The popularity of television crime dramas has made CSI, or crime scene investigation, a household term. Crime scene investigation involves collecting, preserving, and analyzing evidence and other data found at crime scenes. Forensics experts who participate in these processes play vital roles in the legal system. Schools offering Forensic Science degrees can also be found in these popular choices.

Field Overview

The term 'crime scene investigation' has become largely recognizable, thanks to pop culture and television media. Crime scene investigation, often referred to as CSI, involves collecting, preserving, documenting, and analyzing evidence found at crime scenes. Forensics, the application of science in the legal realm, plays a big role in crime scene investigation and a number of forensic professionals are involved in the process.

While the TV drama version of crime scene investigation involves expensive, high-end equipment, real-life investigators generally work with limited budgets and must rely on their creativity to get the job done. On-screen depictions of crime scene investigation also occasionally skew the reality of working in the field by misrepresenting the career profiles of real-life professionals.

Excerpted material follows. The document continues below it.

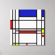 La toile enveloppée Mondrian Modern Art a une section comme Composition 10 de Pieter Piet Mondrian en rouge, bleu, jaune, noir et blanc, la plus connue du groupe de mouvement artistique De Stijl qui a utilisé trois couleurs primaires avec des lignes noires sur un arrière - plan blanc

Important Facts About the Crime Scene Investigation Field

Median Pay (2014)$55,360 (for forensic science technicians)
Required Education Bachelor's degree
On-the-job Training Moderate-term on-the-job training, usually under the guidance of an experienced investigator
Work Environment Police departments, morgue, crime laboratory; also spend a majority of time at crime scene

Source: U.S. Bureau of Labor Statistics

Job Description

Forensics experts are responsible for two main tasks: retrieving and processing evidence found at crime scenes and acting as expert witnesses. The first of these tasks involves studying physical evidence, analyzing clues recovered from crime scenes, and drawing conclusions based on evidence and one's expertise. The second part of a forensic expert's job requires communicating his or her complex findings to judges and juries in understandable terms.

Career Outlook Information

According to the Bureau of Labor Statistics (BLS, www.bls.gov), the employment of detectives and criminal investigators is expected to decline by 1% between 2014 and 2024, while forensic science technicians could see employment opportunities increase by about 27% during the same decade.